In the process, said Rep. Patrice Arent, D-Millcreek, lawmakers approved $4.7 million in funding for a dozen measures aimed at improving air quality.

“We’ll be looking at other ways to try and solve our air quality problems,” she said. “Frankly, there’s not one silver bullet, so we have to look at a variety of things, including getting more people out of their vehicles and onto mass transit.”

The bills approved include tax incentives for buying electric vehicles and a voluntary program for homeowners to convert wood-burning stoves to cleaner fuels such as natural gas.
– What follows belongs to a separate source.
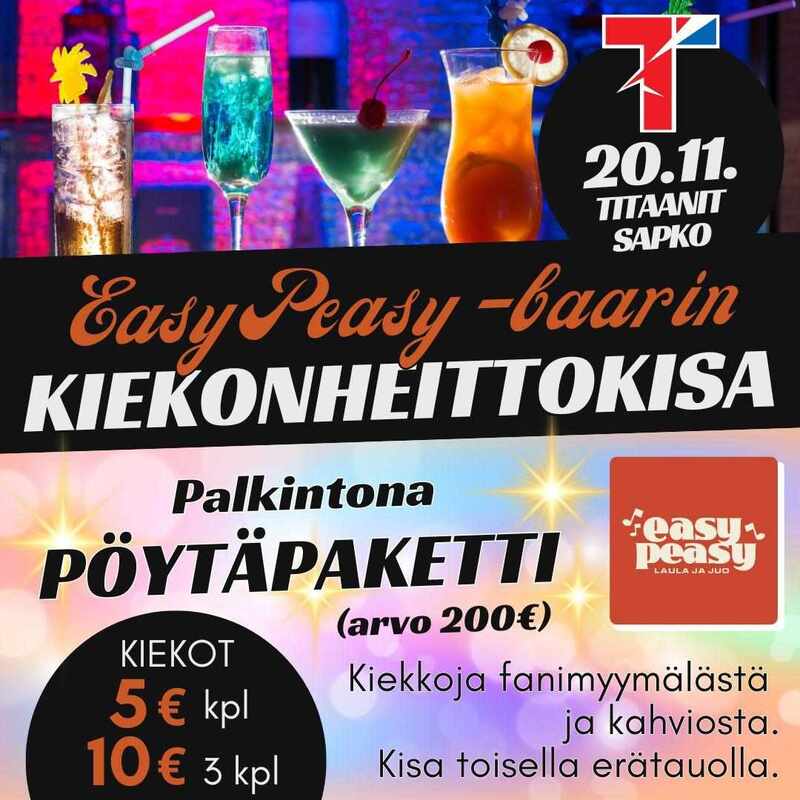 Ottelun toisella erätauolla järjestetään Kiekonheittokilpailu, jossa lähimmäksi kaukalon keskipistettä kumimuikun viskaisevalle on tarjolla EasyPeasy-baarin tarjoama 200 euron arvoinen pöytäpaketti – kiekkoja on pelin aikana myynnissä Kotkan jäähallin sisääntuloaulassa sijaitsevissa Titaanien fanimyymälässä sekä kahviossa!

Arent said a single wood-burning stove emits pollution that equals about 200 natural gas-powered homes.

Bills that didn’t pass, including an effort to convert the state’s so-called “dirty diesel” school buses to engines that run cleaner fuels, failed, Arent said, in large part because of funding issues, not politics. She said lawmakers on both sides of the aisle appear to be committed to improving Utah’s air quality.

“I think the bipartisan work is here to stay,” she said. “I think we have a good coalition. There’s some really wonderful legislators working on these issues together, and I love that. I love the fact that we’re all breathing the same air and we’re all working on this together.”

Arent said the Clean Air Caucus will work throughout the year to prepare more air-quality initiatives for the 2015 Legislature to consider.